2009 book by Andrew Ross Sorkin

Too Big to Fail: The Inside Story of How Wall Street and Washington Fought to Save the Financial System—and Themselves, also known as Too Big to Fail: Inside the Battle to Save Wall Street, is a non-fiction book by Andrew Ross Sorkin chronicling the events of the 2008 financial crisis and the collapse of Lehman Brothers from the point of view of Wall Street CEOs and US government regulators. The book was released on October 20, 2009, by Viking Press.

It won the 2010 Gerald Loeb Award for Best Business Book and was shortlisted for the 2010 Samuel Johnson Prize and the 2010 Financial Times and Goldman Sachs Business Book of the Year Award.

The book was adapted in 2011 for the HBO television movie Too Big to Fail.

== Background ==
Sorkin has stated that he conducted more than 200 interviews, totaling over 500 hours, with participants in the crisis. This includes executives on Wall Street, U.S. government officials, regulators, bankers, lawyers, and other advisers. This access allowed him to reconstruct private meetings and phone calls, including sensitive negotiations previously unknown to the public, in a detailed, narrative form.

==Plot summary==
The book provides an overview of the 2008 financial crisis from the beginning of 2008 to the decision to create the Troubled Asset Relief Program (TARP).
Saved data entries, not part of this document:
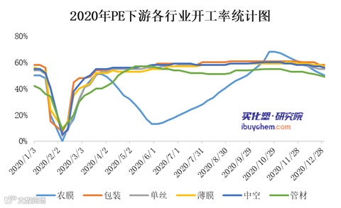据买化塑研究院【化塑产业链决策系统】跟踪的数据显示,PE下游各行业平均开工率为50%,同比下降2%。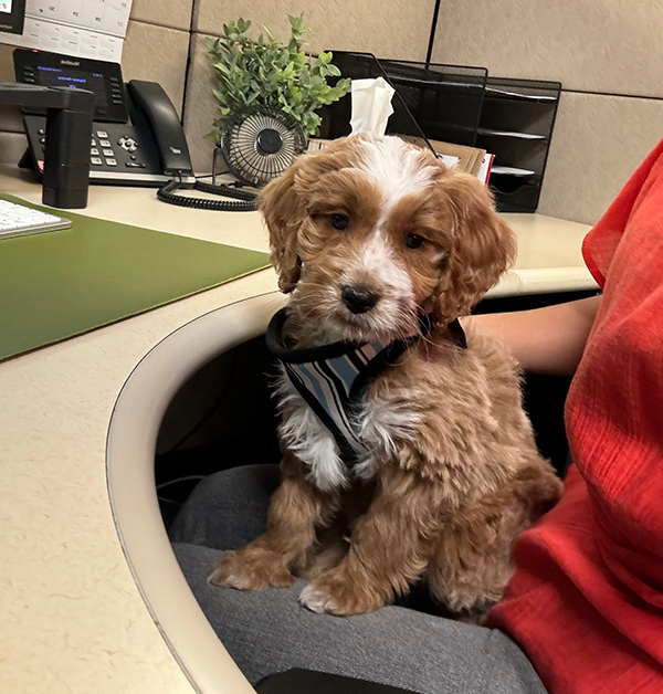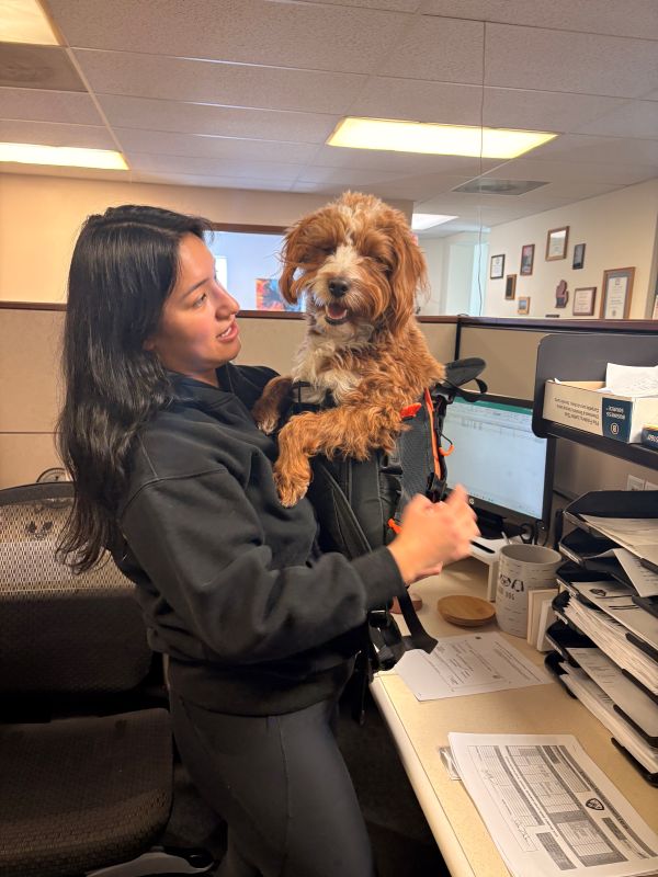 He loves meeting new people and dogs, and his favorite game is “catch me if you can” after he steals another dog’s toy and takes off. That playful, slightly mischievous streak is part of what makes him so fun to be around. Around the office, Butters is a true favorite. He has a knack for wandering by desks, making eye contact, and convincing people that it is time to stop working and start playing instead. When Butters shows up, productivity drops a little, but morale goes way up.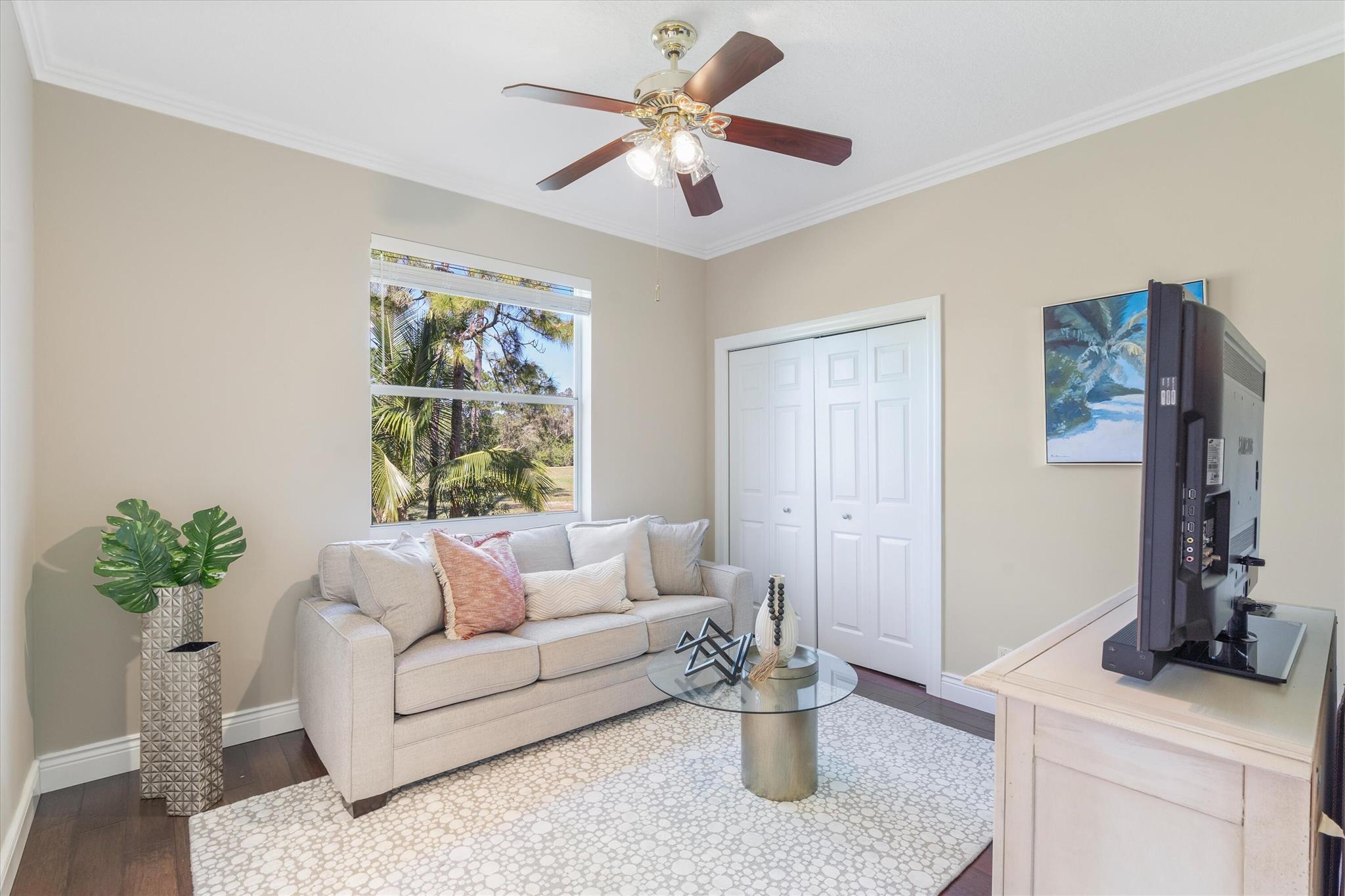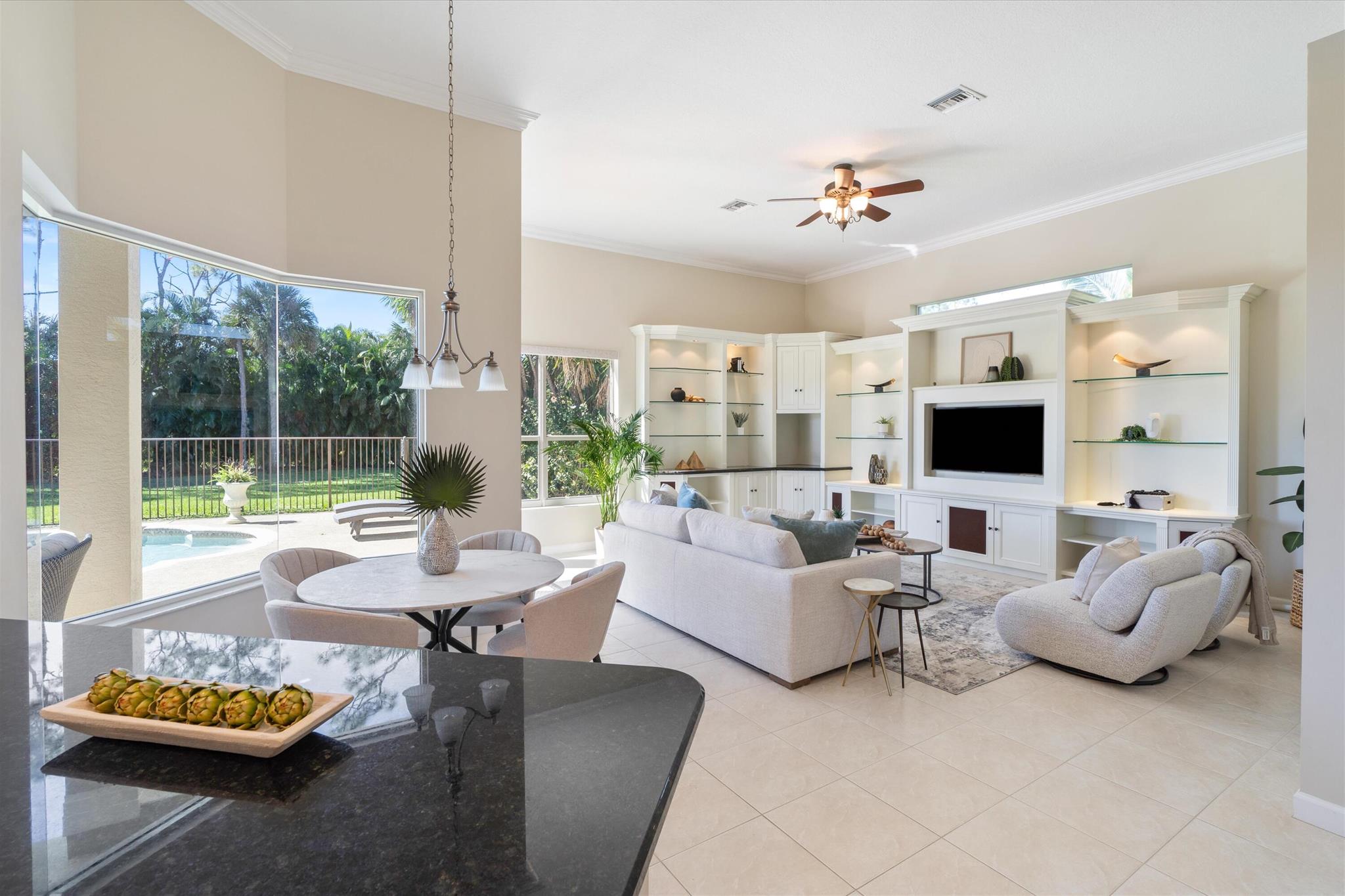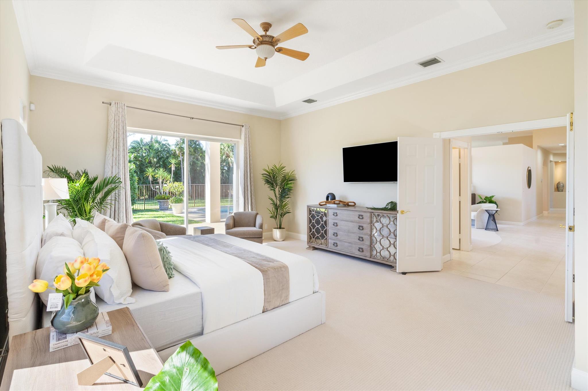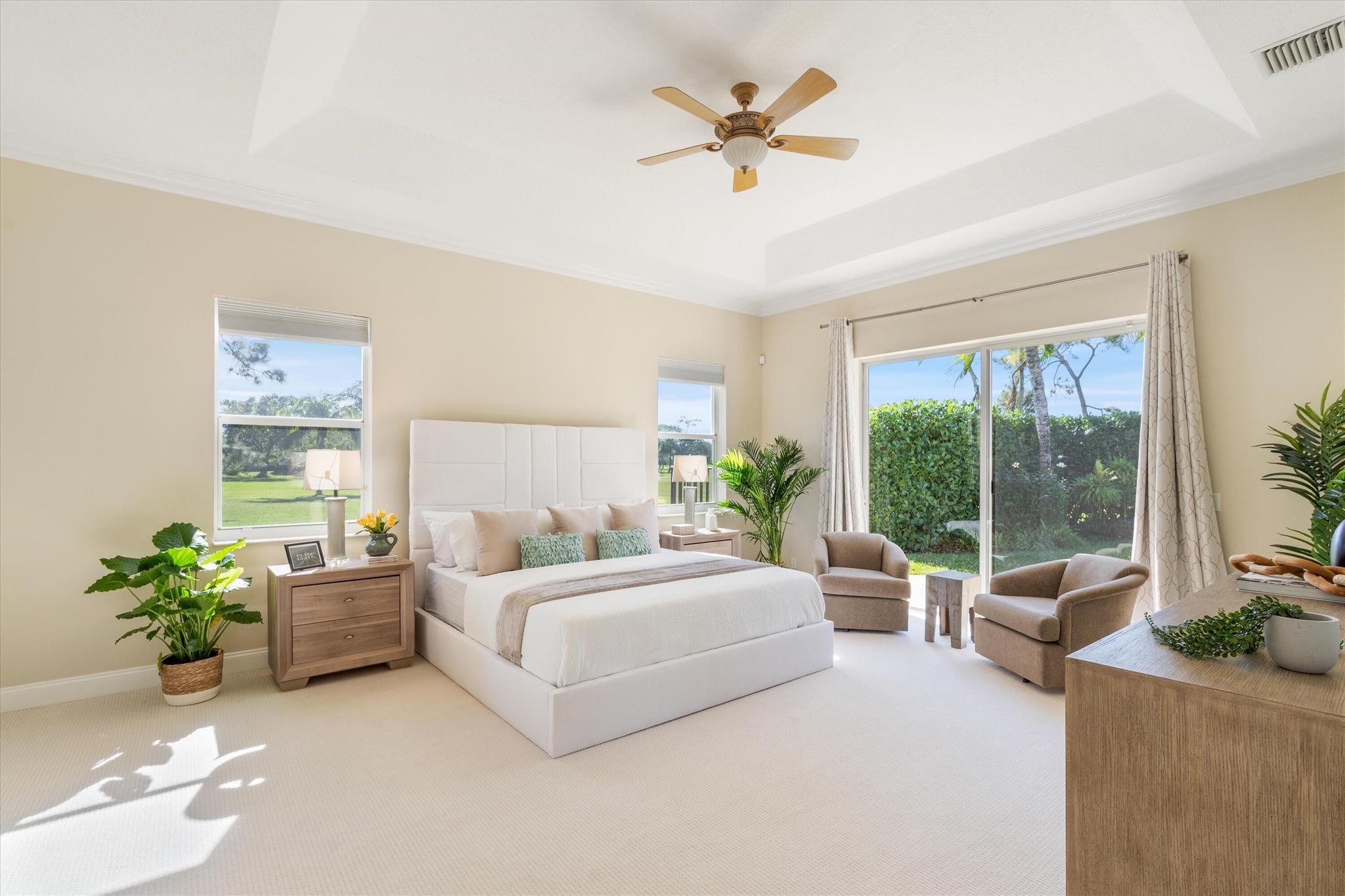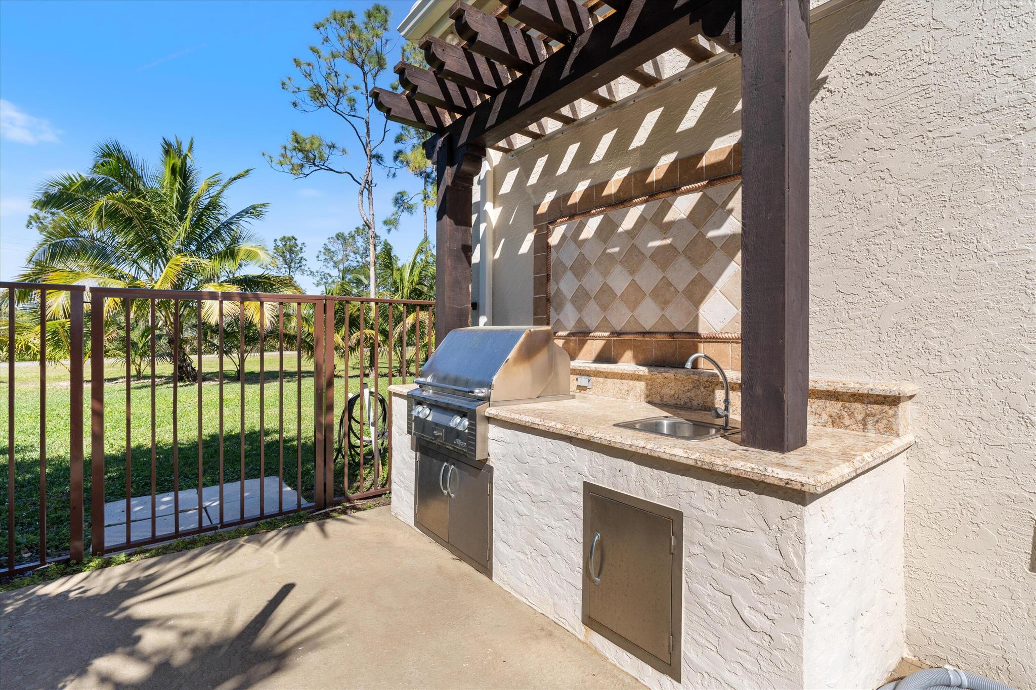 This stunning 4 bedroom, 4 bath home w/private office offers the perfect split floor plan. Ideal for Multi-generational families and remote workers! Soaring ceilings, sun filled rooms & gorgeous lake & golf views abound. Serene 1 acre yard, private pool & outdoor kitchen create a perfect space for relaxing, outdoor dining, gardening, or working pool side. Nestled within the stunning gated community of Bayhill Estates, just 7 miles West of the Turnpike. Insurance friendly with 2020 roof, newer 2022 pool pump & full hurricane protection! A golf membership is available through PGA National (but not required). Just 25 minutes to PBI International & minutes to incredible dining & shopping options in Palm Beach Gardens. Don't miss this incredible opportunity.

The book tells the story from the perspectives of the leaders of the major financial institutions and the main regulatory authorities, describing in a very detailed manner their everyday discussions and decisions during that difficult period.

== Reception ==
In The New York Times Book Review, James B. Stewart praised Sorkin’s extensive reporting and narrative style, writing that the book "put[s] the reader in the room for some of the biggest-dollar conference calls in history" and "skillfully captures the raucous enthusiasm and riotous greed" that fueled the financial crisis.

The Economist described the book as "meticulously researched" and "told brilliantly," calling it a riveting account of the financial crisis.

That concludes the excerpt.